Her son and heir seems to share his late mother's enthusiasm. The King has visited Bond sets during filming in the past — most notably during the making of Living Daylights (1987), when he and then-Princess Diana visited Pinewood Studios' Q Lab and the Princess seemed to be delighted. in that she was given the opportunity to smash a fake bottle of wine on her husband's head.
The original script for the film included a scene with Charles and Diana, à la Janet Brown, and John Wells as Margaret and Denis Thatcher in For Your Eyes Only, but the idea was hastily scrapped when it was revealed that the Prince Charles doppelgänger, was hired, recently served a prison sentence for a serious crime.

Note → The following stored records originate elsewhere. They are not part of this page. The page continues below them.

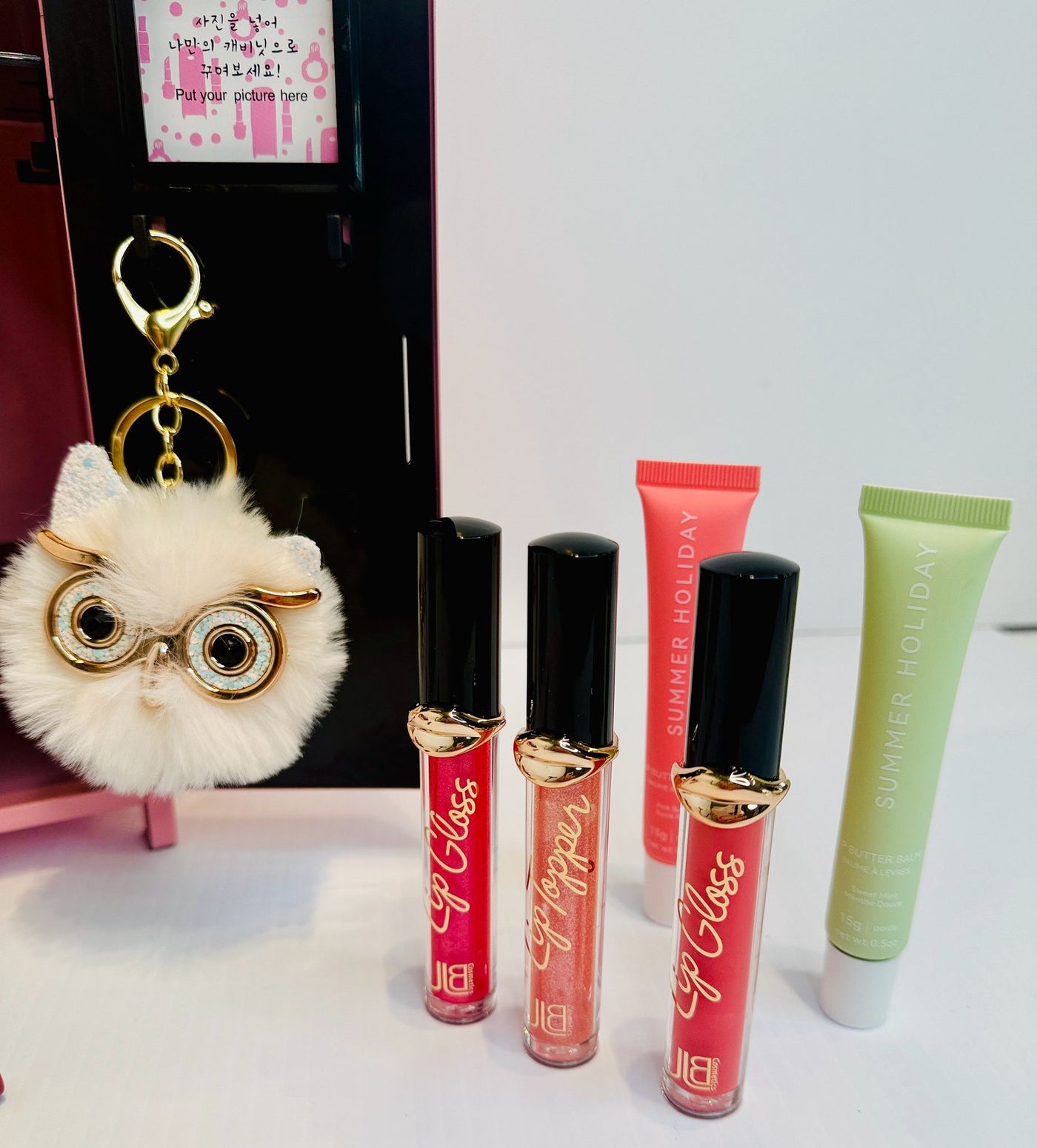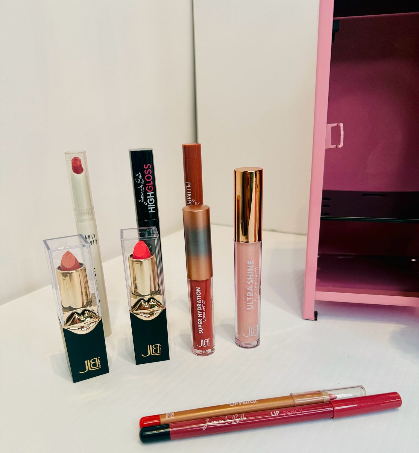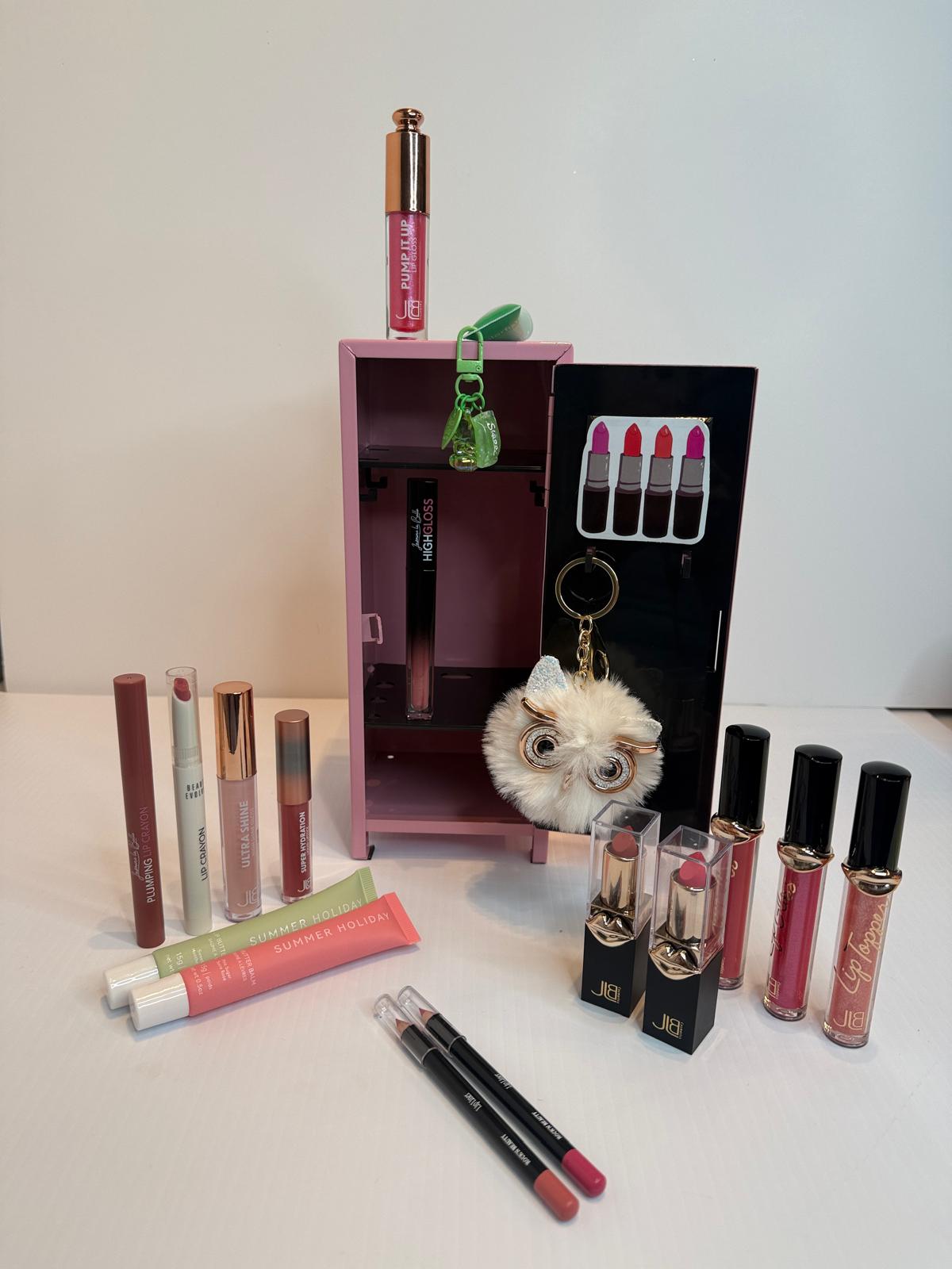 INCLUDED: 2 JLB Lipsticks, 3 JLB Lipstick Toppers, 1 Lip gloss with charms, 1 High gloss by Jasmine La Belle, 1 JLB Pump It Up Lipgloss, 1 Plumper, 1 Lip Crayon, 1 JLB Ultra Shine Lipstick, 1 JLB Super hydrate lip gloss, 2 Summer Holiday Lip Butter, 2 Lip Liners
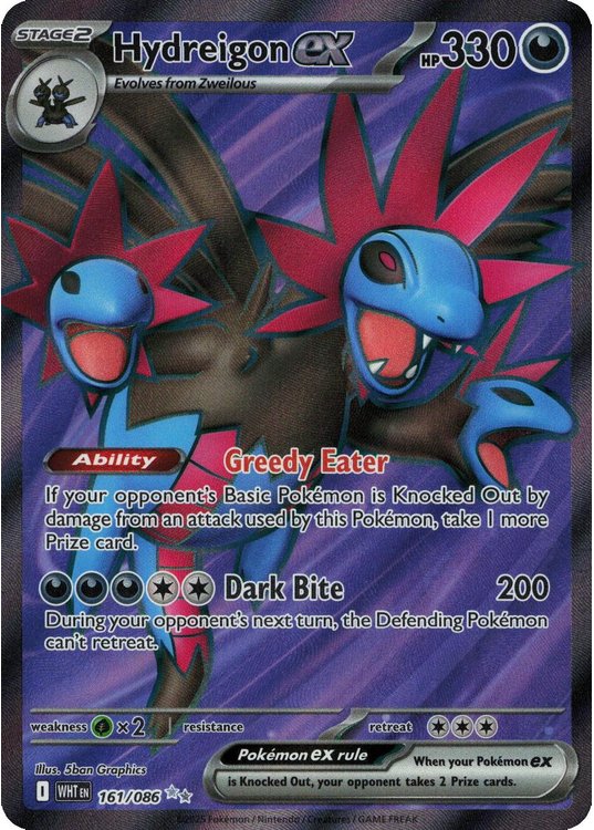 Hydreigon ex er et Ultra Rare | Secret Rare ex (SV) pokemon kort fra SV10.5 White Flare serien og har nummer 161/086.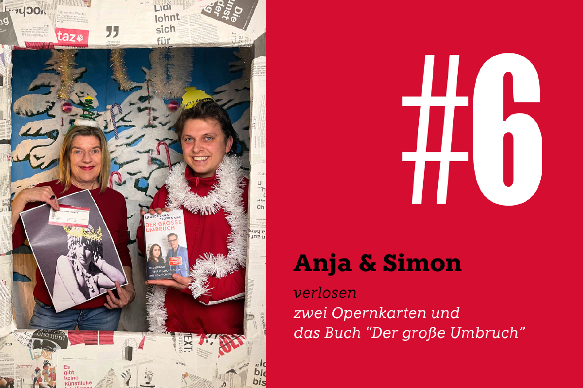 Anja Mierel und Simon Bozic aus taz Marketing, Kommunikation und Kreation kamen, sahen und verlosten.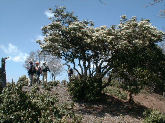 白い花を群とつけたアセビの大きな木の下に、高星山の三角点は立っていた。その木の下に、一人二人と辿り着く。その向こうには、澄んだ青い空とその下に広がる峰山高原から砥峰高原。思えば、アセビの花の咲く頃に高星山へと誘われてここまで来たのであった。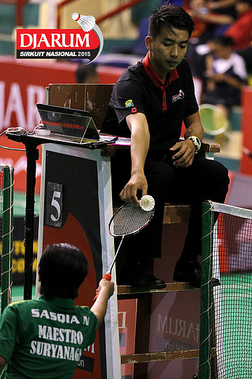 Salah satu Umpire saat menyerahan pergantian shuttlecock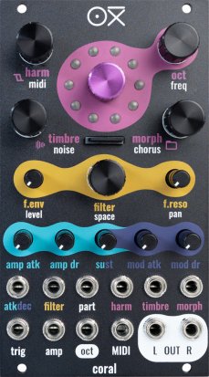 8 full voice polyphonic, multipart, multi engine synthesizer module with sample playback, sweet reverb and chorus.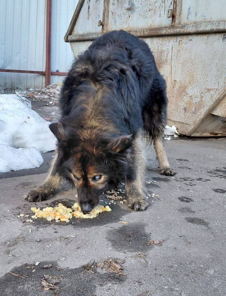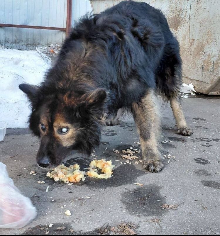 Собака прибилась пару месяцев назад,приходит покушать. Пол и возраст не известны,предположительно,слепая на оба глаза ,есть ошейник.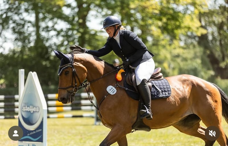 Ik verkoop mijn merrie om persoonlijke redenen. Ze is geboren in 2012 en heeft een schofthoogte van 180 cm. Ik heb haar gekocht toen ze 8 jaar oud was. Ze heeft me door de ruiterexamens gedragen en heeft me begeleid van E tot A** springen, waarbij ze A** geplaatst is. Ook heeft ze met mij terreinproeven tot 80 cm gelopen. Een merrie die altijd naar de andere kant wil. Voor mij is het belangrijk dat ze een thuis voor het leven krijgt! Ze is me echt heel belangrijk en mag geen wisseltrofee worden. Ook geschikt om door kinderen bereden te worden. Halsring, zonder zadel rijden is allemaal geen probleem. Een paard om van te houden en plezier mee te hebben! Ze gaat zelfstandig op de trailer, ook vrachtwagen rijden is geen probleem. Bij de smid en in de omgang verder een schat. Geen aanvragen van handelaren alstublieft. Vanwege haar goede afstamming is ze ook interessant voor de fokkerij. Vader Valeron, moedervader Landor S. Accessoires kunnen tegen betaling worden aangeschaft.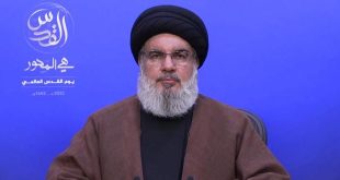 BEYRUT – Hizbullah Genel Sekreteri Seyyid Hasan Nasrullah, düşman İsrail’in en başından beri zamanla unutmaya bahse girdiği bir zamanda, Filistin davasının yeniden canlandığını belirtti. Seyyid Nasrullah, Uluslararası Kudüs Günü münasebetiyle …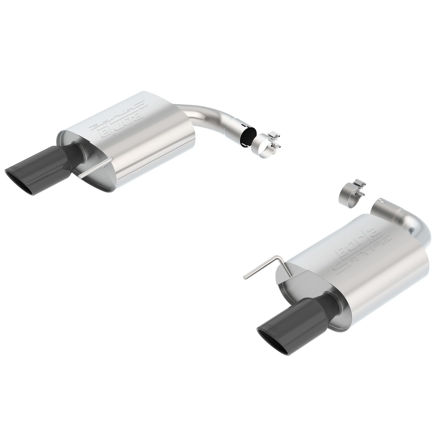 This system features a black chrome finish on T-304 stainless steel tips. Using Borla(r) Stainless Steel Polish p# 21461 is NOT recommended with these black chrome tips. We suggest cleaning the tips with hot water and a microfiber cloth. Borla(r) Cat-Back(tm) and Axle-Back exhaust systems feature patented straight-through and multi-core technology designed to unleash hidden horsepower. Increased exhaust velocity adds power, driving excitement, fuel economy, and the distinctive Borla(r) Sound of Power respected by motoring enthusiasts everywhere. Each system is built from premium T-304 stainless steel, superior to T-400 series knockoffs (such as 409), to give you the absolute best in performance and durability. Ultra-smooth mandrel bends ensure maximum flow & power, and precision computer-controlled CNC manufacturing ensures an accurate fit. Best of all, Borla(r) stands behind every system with a Million-Mile Warranty. Just what you'd expect from the world's most experienced (and most winning) exhaust brand.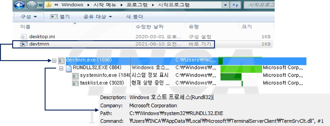 이후, 감염된 PC를 재부팅하면 이전 단계에서 생성한 링크 파일이 자동 실행돼 해당 파일에 지정된 경로의 파일을 실행한다. 그다음 [그림 2]와 같이 런처에서 DLL 파일을 실행해 정보 탈취 및 다운로드 단계를 진행한다.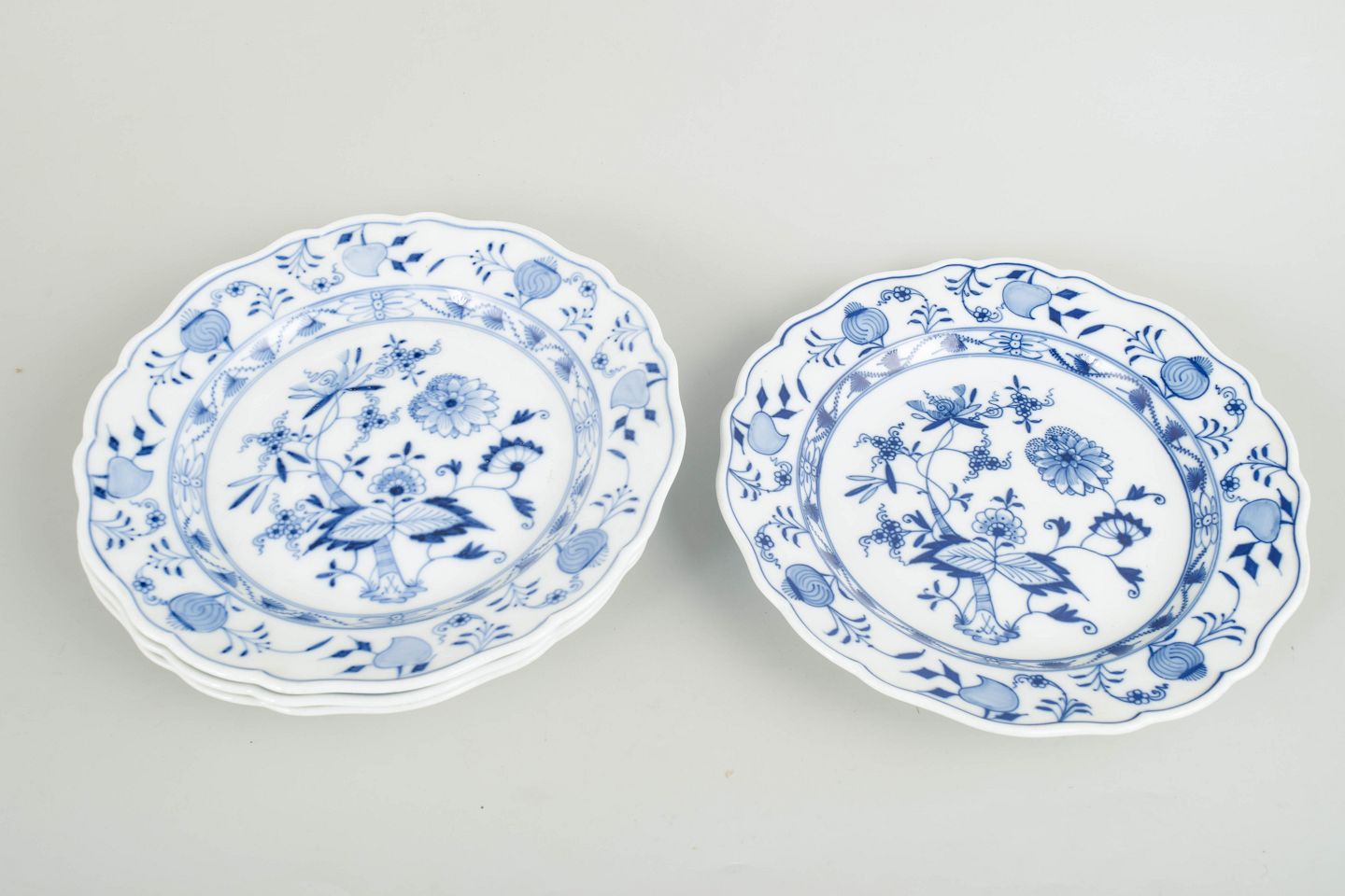 Meissen, set of 4 deep plates, Blue Onion pattern.Set of four deep porcelain plates with blue underglaze decoration in the classic Blue Onion pattern.

However, the King's enthusiasm for Bond seems unabated, and he also visited the set of the latest of the films, No Time to Die; Veteran producer Barbara Broccoli said: «He had a lot to talk about with Daniel [Craig]. They both love Aston Martin. Boys with toys! It was also reported that he was offered the part, although I don't remember seeing the future King on Lucifer Safin Island when the film came out. (Meghan Markle was also reportedly on the shortlist of actresses to appear in the film before the emergence of her relationship with Prince Harry made her unacceptable.)
We may one day see a royal cameo in the film . A real Bond movie. For now, let's imagine Bond raising a dry martini to his former boss, as for the first time in 70 years he thinks he's no longer in Her Majesty's Secret Service.